# Literature Review: Article Fetching Process

The notebook executes the literature review process to fetch the articles with the queries that has prepared and updated frequently during literature review process. The first part of the code concentrates on fetching articles from [Google Scholar](https://scholar.google.com) using [scholarly](https://pypi.org/project/scholarly/) library. The second part of the code prepares Excel files for personal assessment.

In [1]:
# Import libraries
import pandas as pd
from scholarly import scholarly

## First Part: Fetching Articles

In this part, the query performs the following operations:
1. Implemented `fetch_articles()` function gets the query, searches publications, and adds the outcomes to an array.
2. The search queries.
3. Execute the implemented function with the queries.
4. Turn the result into `DataFrame`.
5. Save the output as Excel file.

To sum up, this process extracts the articles and prepares it for the second part.

In [20]:
# Function to fetch articles using the scholarly package
def fetch_articles(search_query):
    search_results = scholarly.search_pubs(search_query)
    articles = []
    for result in search_results:
        # Extract relevant information from each result
        bib_info = result.get('bib', {})
        article_info = {
            "title": bib_info.get('title'),
            "authors": bib_info.get('author'),
            "published_year": bib_info.get('pub_year'),
            "citations": result.get('num_citations', 0),
            "journal": bib_info.get('journal'),
            "volume": bib_info.get('volume'),
            "issue": bib_info.get('issue'),
            "pages": bib_info.get('pages'),
            "abstract": bib_info.get('abstract'),
            "doi": bib_info.get('doi'),
            "url": result.get('pub_url'),
            "publisher": bib_info.get('publisher'),
            "keywords": bib_info.get('keywords', []),
            "bib": bib_info
        }
        articles.append(article_info)
    return articles

### The search queries

In [30]:
# Search queries

# OpenSSF Scorecard Search Query
# search_query = '"OpenSSF Scorecard" (history OR "theoretical background" OR "community involvement" OR purpose OR GitHub OR usage OR maintenance OR "maintenance score" OR reliability OR "security assessment" OR "best practices" OR impact OR application OR "case studies" OR "industry applications" OR benefits OR challenges)'

# Prediction Methods Search Query
search_query = '"univariate forecasting" (machine learning OR "deep learning") (prediction OR forecasting) (parameters OR features) ("time series" OR dataset) "supervised learning"'

In [26]:
# Fetch articles based on the search query
articles_data = fetch_articles(search_query)

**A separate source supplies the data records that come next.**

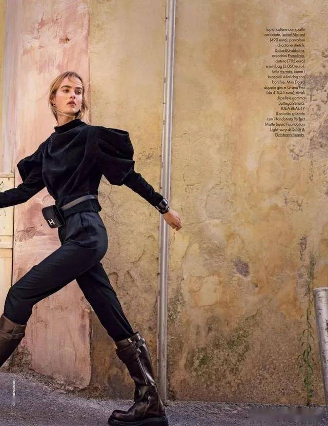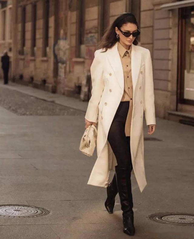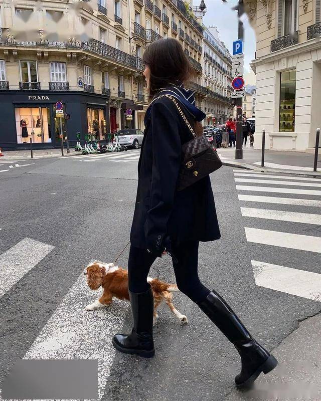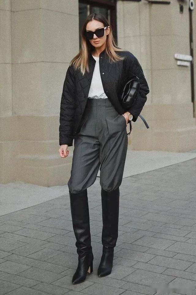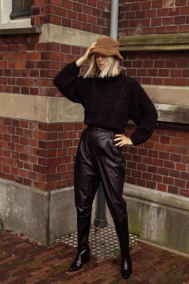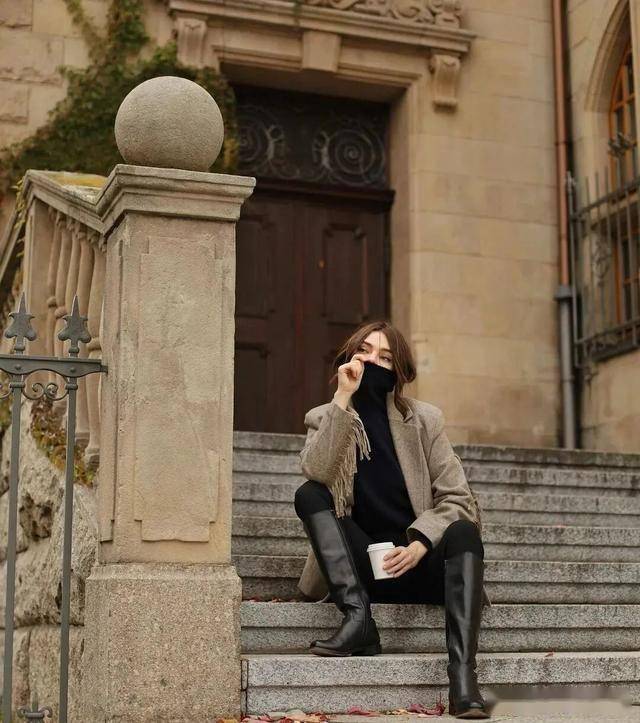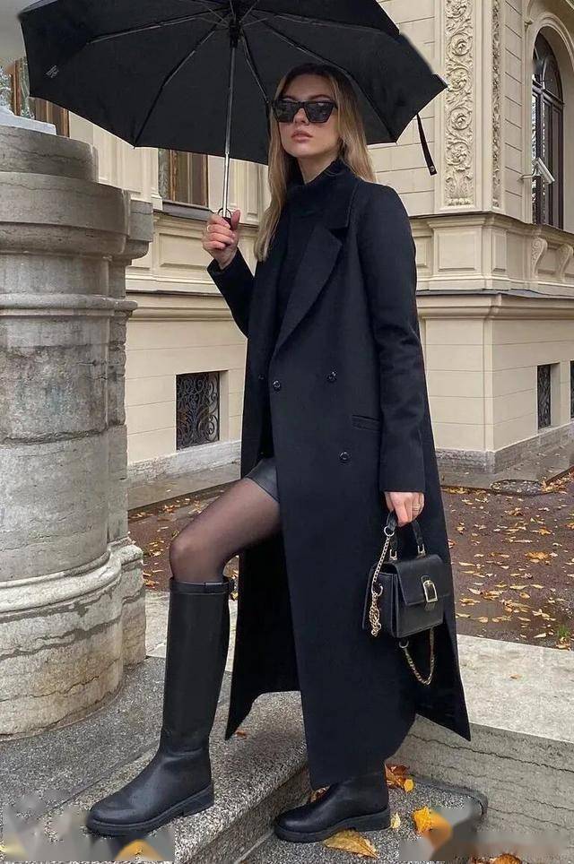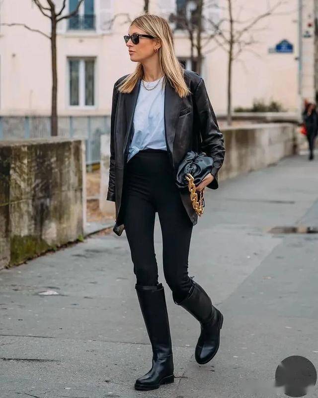 黑色紧身裤+黑色骑士靴是标配,毫无拖沓感,显腿长的效果非常好,一看就是很会穿的时髦精。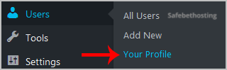 2. Under the dashboard menu, hover your mouse over Users and then click on Your Profile.
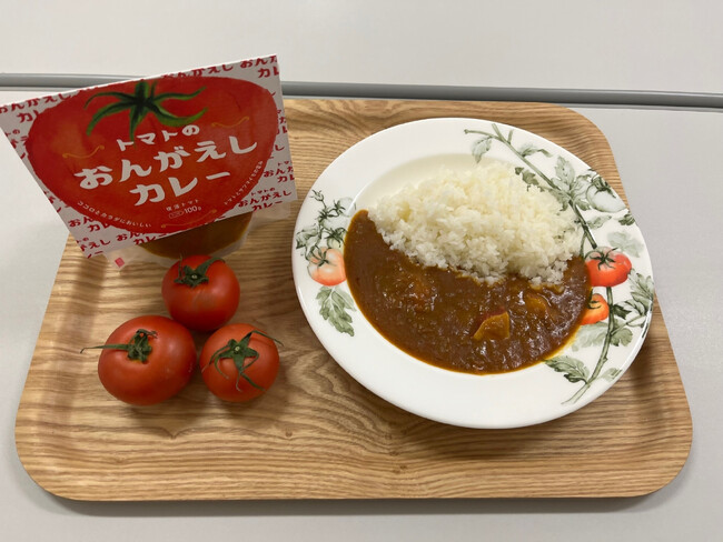 この取り組みは、響灘菜園で発生する出荷できない規格外トマトを利用したレトルトカレー「トマトのおんがえしカレー」を地域の子ども食堂に提供するとともに、本品の一般販売による収益の一部を子ども食堂に寄付するものです。
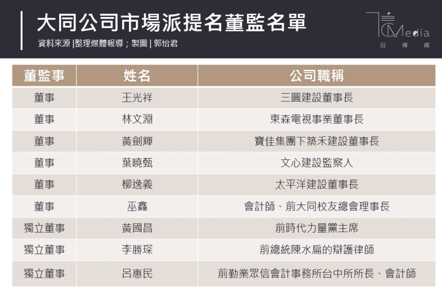 大同市場派被曝光的9席董事名單中,6席董事分別是:蔡英文總統的表哥三圓建設董事長王光祥、東森電視事業董事長林文淵、築禾建設董事長黃劍輝、文心建設董事長葉明進的女兒葉曉甄、太平洋建設董事長柳逸義,和會計師巫鑫。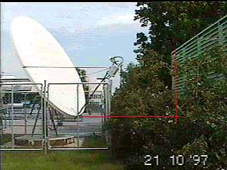 The red line shows how the elevation of the wooden shade has been measured, considering that the azimuth was full East. If the real azimuth had been used, the horizontal distance between the base of the dish and the shade would have increased, so the elevation would have dimisished. This leads me to say that the wooden shade is not interfeering with the uplink signal.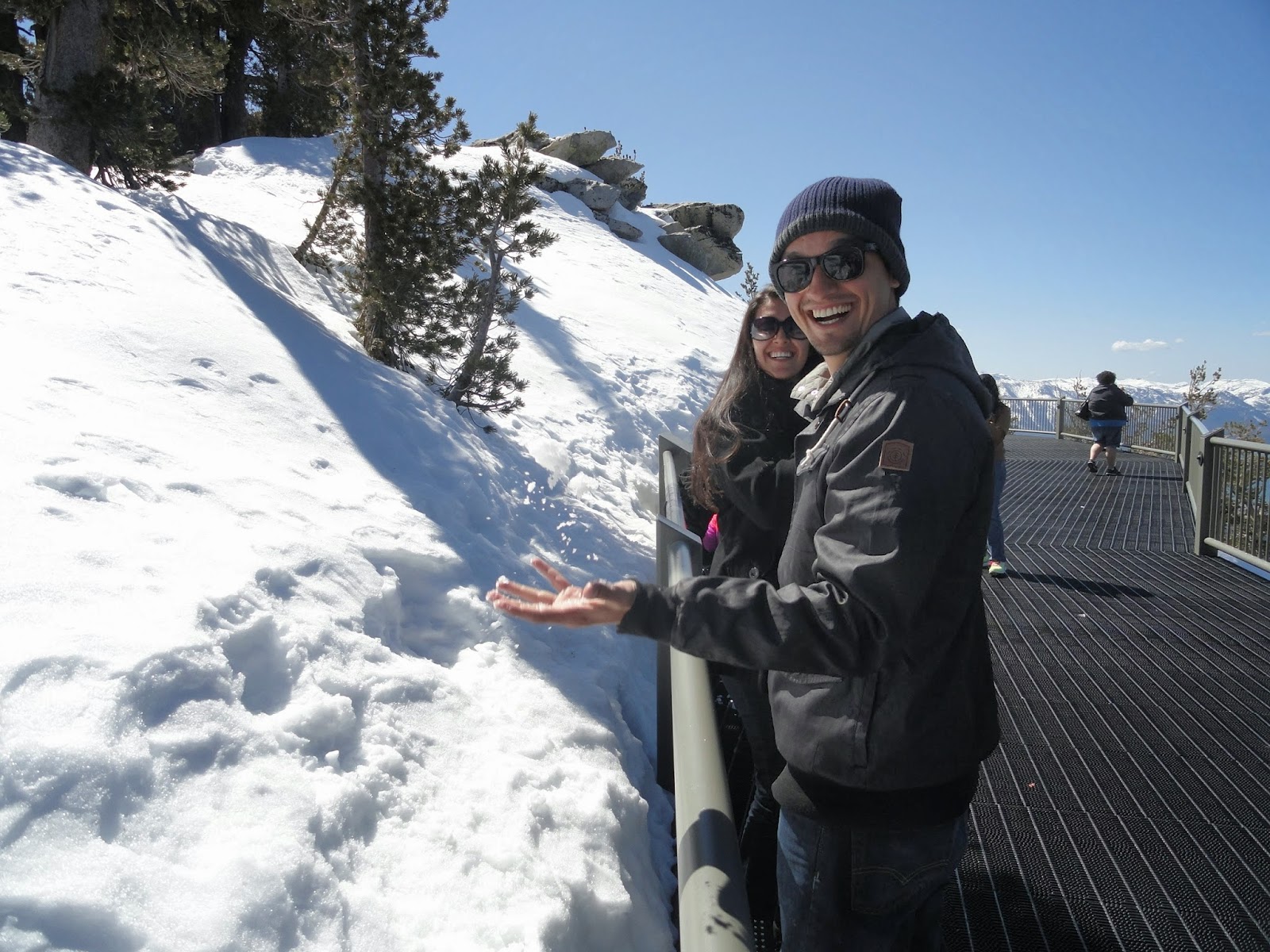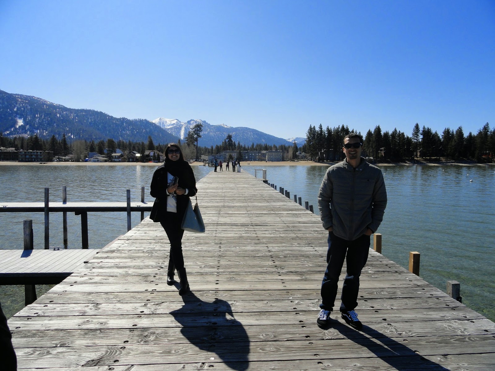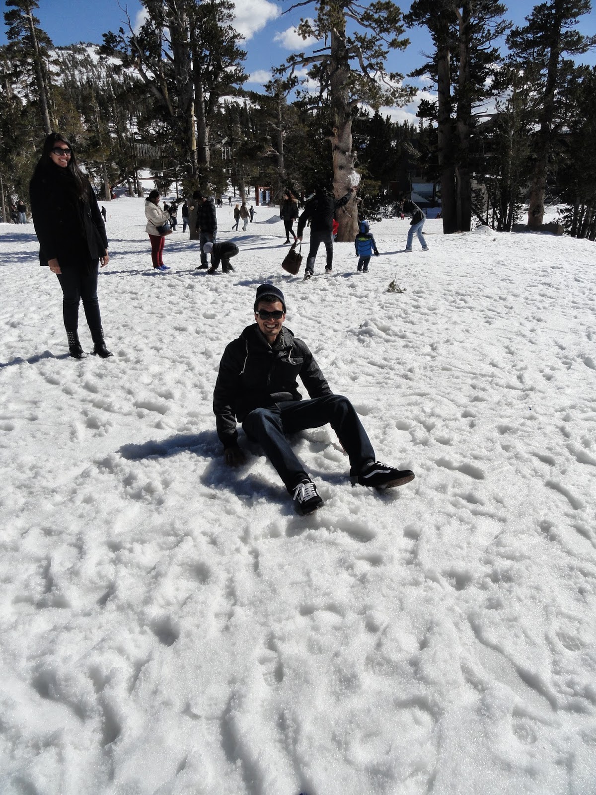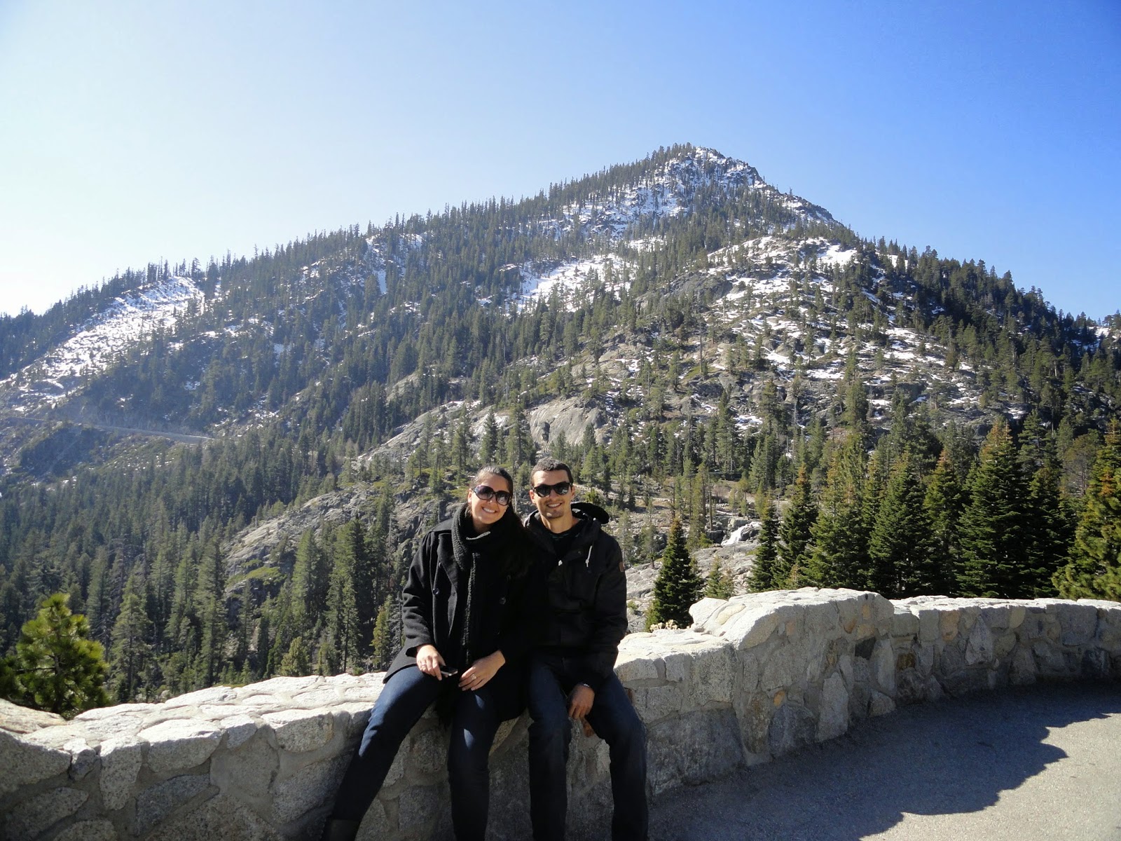Fomos conhecer Lake Tahoe e nos maravilhamos com o que vimos! Alugamos um carro super legal (procuramos valores na internet e ele vale no Brasil só uns R$250.000,00). Vimos a neve pela primeira vez e passamos um frio bem razoável. De verdade: nada que não estejamos acostumados no Rio Grande do Sul.

### Data manipulation and saving the output to Excel.

In [31]:
# Create a pandas DataFrame
df = pd.DataFrame(articles_data)
df.head()

Unnamed: 0,title,authors,published_year,citations,journal,volume,issue,pages,abstract,doi,url,publisher,keywords,bib
0,Univariate model for hour ahead multi-step sol...,"[P Gupta, R Singh]",2021,11,,,,,"Further, the problem is converted into a super...",,https://ieeexplore.ieee.org/abstract/document/...,,[],{'title': 'Univariate model for hour ahead mul...
1,Short-term daily univariate streamflow forecas...,"[EB Wegayehu, FB Muluneh]",2022,34,,,,,"As a result, machine learning models have beco...",,https://www.hindawi.com/journals/amete/2022/18...,,[],{'title': 'Short-term daily univariate streamf...
2,Enhanced neural network-based univariate time-...,"[S Namasudra, S Dhamodharavadhani, R Rathipriya]",2024,5,,,,,accuracy because of the supervised learning me...,,https://www.liebertpub.com/doi/abs/10.1089/big...,,[],{'title': 'Enhanced neural network-based univa...
3,Forecasting from Physiological Time Series Thr...,[S Masum],2019,3,,,,,-independent medical time series data as stati...,,https://www.researchgate.net/profile/Shamsul-M...,,[],{'title': 'Forecasting from Physiological Time...
4,Eeg forecasting with univariate and multivaria...,"[DK Thara, BG Premasudha, TV Murthy]",2022,3,,,,,using machine learning algorithms like support...,,https://www.igi-global.com/article/eeg-forecas...,,[],{'title': 'Eeg forecasting with univariate and...


In [28]:
# Save the DataFrame to an Excel file
df.to_excel("../03_lit_review/scholarly_articles_prediction.xlsx", index=False, engine='openpyxl')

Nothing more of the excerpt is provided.